> _INSTRUCTIONS FOR THE TASK_
What are the lines, word for word, from the line with "Diese Sammlung mit" up to and including the line with "Tee Shot to" in the records below? Omit the pictures.

Items from a dataset
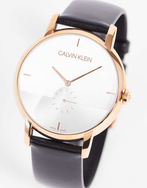 Calvin Klein – Uhr mit Lederarmband in Schwarz
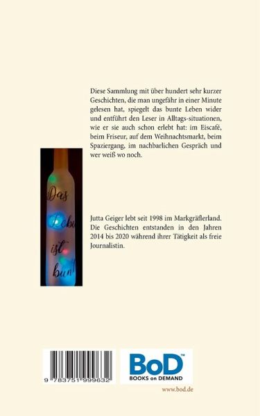 Diese Sammlung mit über hundert sehr kurzer Geschichten, die man ungefähr in einer Minute gelesen hat, spiegelt das bunte Leben wider und entführt den Leser in Alltagssituationen, wie er sie auch schon erlebt hat: Im Eiscafé, beim Friseur, auf dem Weihnachtsmarkt, beim Spaziergang, im nachbarlichen Gespräch und wer weiß wo noch. Oft sind es lustige Situationen, die einen kurz auflachen lassen, dann sind es wieder Anregungen zum Nachdenken oder einfach Momente von denen man denkt, das hätte einem auch passieren können. Die Minutengeschichten spielen rund ums Jahr im sonnenverwöhnten Markgräflerland, wo die Autorin lebt. Sie könnten aber auch sonst überall in Deutschland spielen.
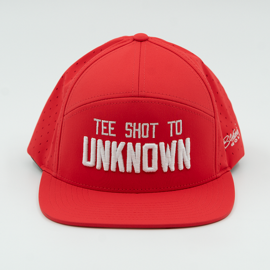 Tee Shot to Unknown Red 7 Panel Golf HatRegular price $34.99 USDRegular priceUnit price / per-
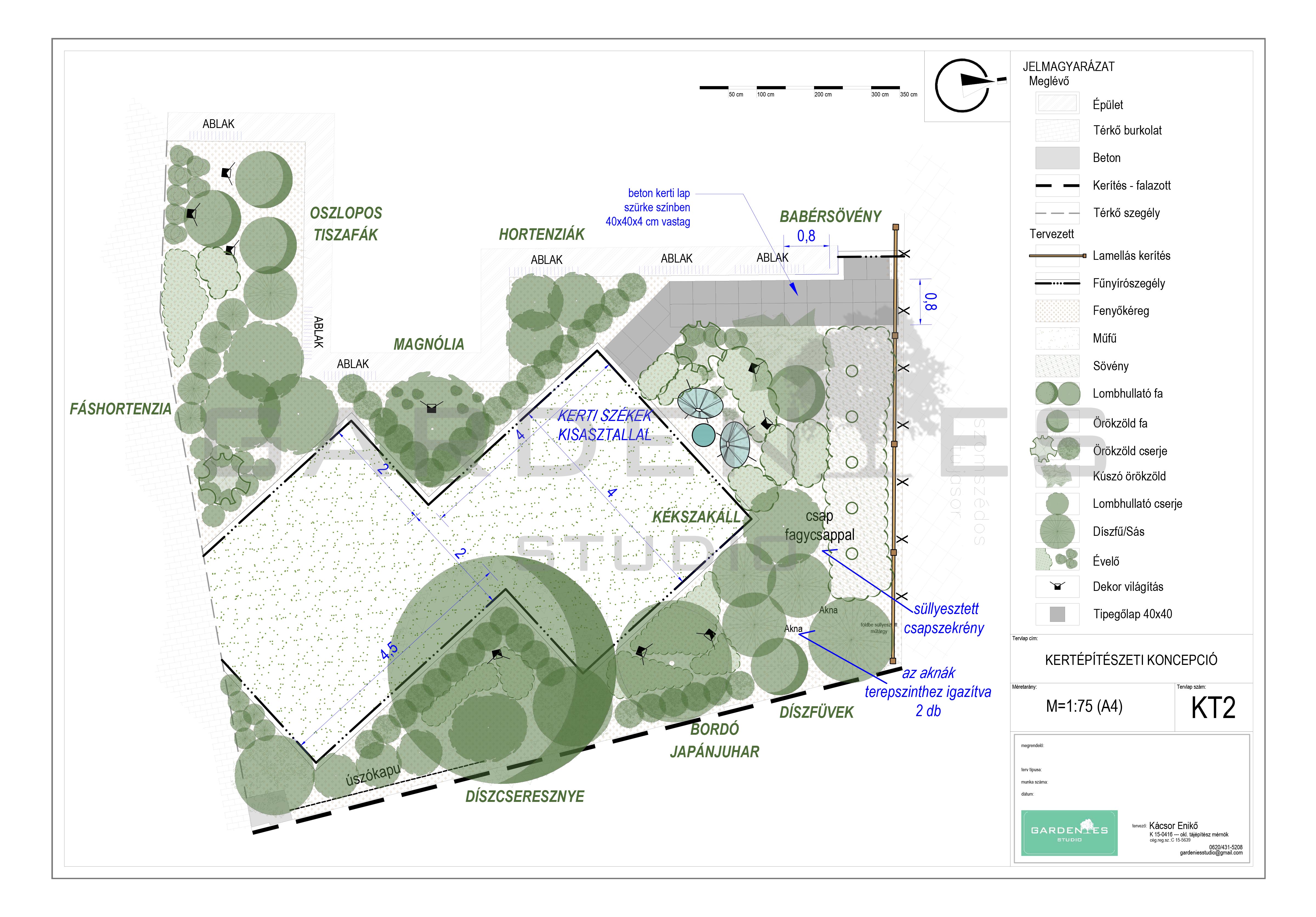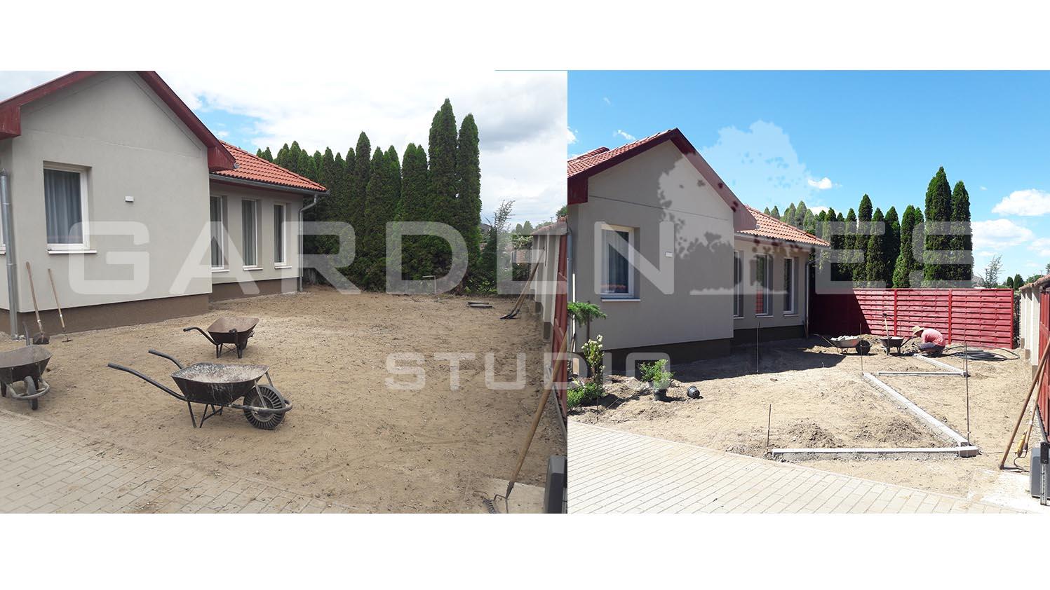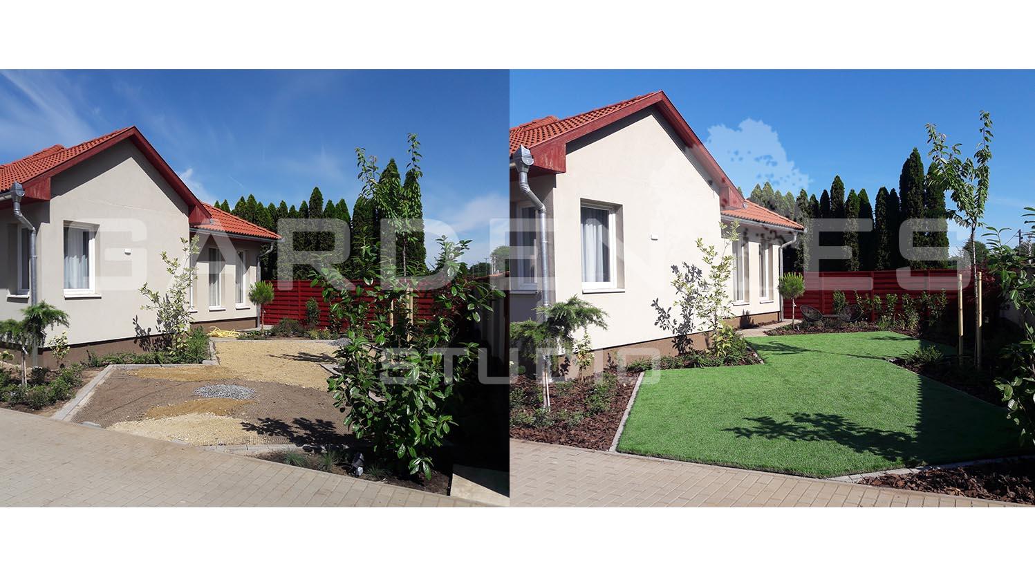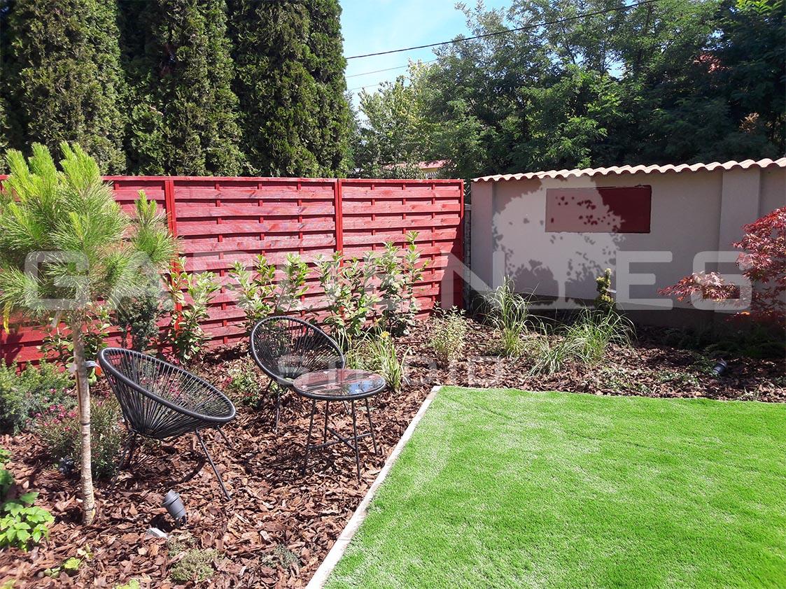 Ikerházas beépítés utcafronti épületéhez tartozó kert megtervezése és kivitelezése volt a feladatom. A Megrendelői igények között szerepelt, hogy egy könnyen fenntartható, pihenésre alkalmas kertrészt hozzak létre. A terület napos oldalán helyet kapott egy kis helyigényű szék-asztal kombináció, ahonnan a kerttulajdonos élvezheti a kert látványát. A kerítés mentén U alakban vegyes, sok virágzó évelőt tartalmazó ágyást hoztam létre. Az üres falfelületeket tekintet vonzó nagytermetű cserjékkel és oszlopos örökzöldekkel törtem meg. A növények közelébe telepített leszúrható, dekor világítótestek gondoskodnak a kert esti hangulatáról. A terület közepén elhelyezett szabad gyepes részen Megrendelői kérésre a heti fűnyírási „gondokat’ műfű telepítéssel oldottam meg.
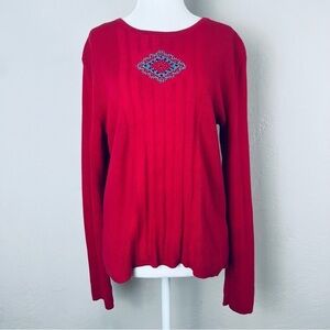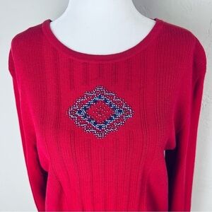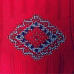 Pendleton Vintage Southwestern Beaded Lightweight Knit Red Sweater Size Large
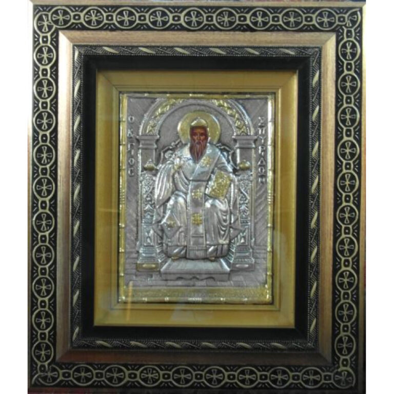 Άγιος Σπυρίδων – Επάργυρη εικόνα κορνίζα
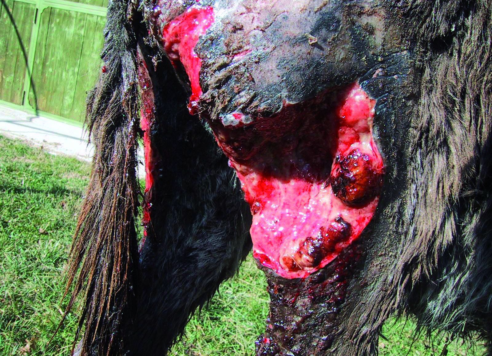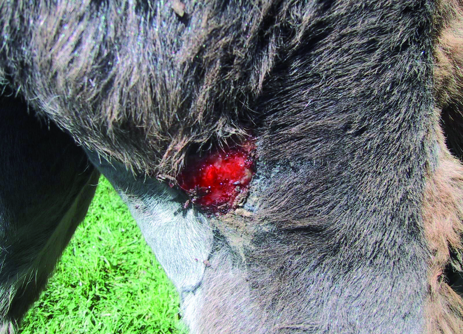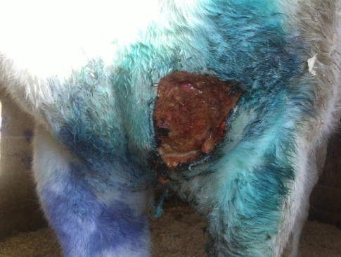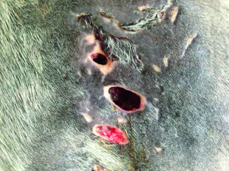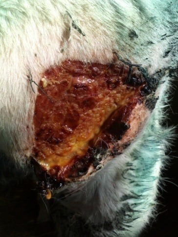Descrizione: Il soggetto è stato ricoverato con lesioni plurime in seguito ad attacco da parte dello stallone. Dopo pulizia chirurgica e terapia antibiotica si procede con medicazione giornaliera di HYPERMIX® GEL associato a HYPERMIX® GARZE. La prassi prevede lavaggio delle ferite con fisiologica, asportazione delle parti necrotiche, applicazione del prodotto e vaselina filante attorno. Si evidenzia una rapida formazione di tessuto di granulazione e riepitelizzazione delle lesioni e assenza di infezione. L’asina guarisce rapidamente, ma rimane un tragitto fistoloso che origina da infezione di una costola fratturata.
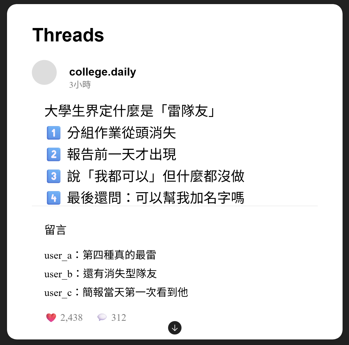 Dcard(或者黑特)是台灣大學生最重要的「抵抗空間」之一。作為核心機制的「校區匿名」發文設計,完美對應了Scott所說的「匿名誹謗」策略。在現實中,學生與學校的權力關係不對等。但在Dcard上,學生戴上匿名面具,發動「數位奇襲」。這種匿名性打破了身分階層。當大一新生能透過一篇爆料文讓某個講性騷笑話的教授被校方調查時,這就是典型的「弱者的武器」。然而,這種抵抗也帶有模糊地帶。Dcard常演變成「公審」。從人類學角度看,這是一種社會控制(social control)的展現。就像傳統村落透過八卦來羞辱不遵守規範的人,大學生也透過Dcard來界定什麼是「雷隊友」、什麼是「渣男」。這種集體的制裁,補足了官方法律或校規無法觸及的情感道德領域。而如果說 Dcard 是在進行「抗爭與制裁」,那麼 Threads(脆)則更傾向於「情感主體性」(Affective Subjectivity)的建構。Threads的運作邏輯不是長篇大論,而是碎片化的感官體驗。當一個學生寫下:「快要期末考了,我卻在圖書館看著地板哭了一小時。」這種看似無意義的「廢文」,其實是一種情感勞動(affective labor)。這與傳統的「強者抵抗」不同。這是一種「展現脆弱」的抵抗(vulnerability as resistance)。在要求卓越、要求競爭力的當代大學校園,承認自己的無能、焦慮與崩潰,本身就是對主流成功敘事的一種拒絕。當網路上的陌生人在Threads上點讚這份脆弱時,一個「情感共同體」就誕生了。他們不再是孤立的、被結構壓迫的主體,而是透過彼此的 gossip 與情感共鳴,重新找回了「我在」的感覺。

> _RESPONSE FOR THIS EXERCISE_
 Diese Sammlung mit über hundert sehr kurzer Geschichten, die man ungefähr in einer Minute gelesen hat, spiegelt das bunte Leben wider und entführt den Leser in Alltagssituationen, wie er sie auch schon erlebt hat: Im Eiscafé, beim Friseur, auf dem Weihnachtsmarkt, beim Spaziergang, im nachbarlichen Gespräch und wer weiß wo noch. Oft sind es lustige Situationen, die einen kurz auflachen lassen, dann sind es wieder Anregungen zum Nachdenken oder einfach Momente von denen man denkt, das hätte einem auch passieren können. Die Minutengeschichten spielen rund ums Jahr im sonnenverwöhnten Markgräflerland, wo die Autorin lebt. Sie könnten aber auch sonst überall in Deutschland spielen.
 Tee Shot to Unknown Red 7 Panel Golf HatRegular price $34.99 USDRegular priceUnit price / per-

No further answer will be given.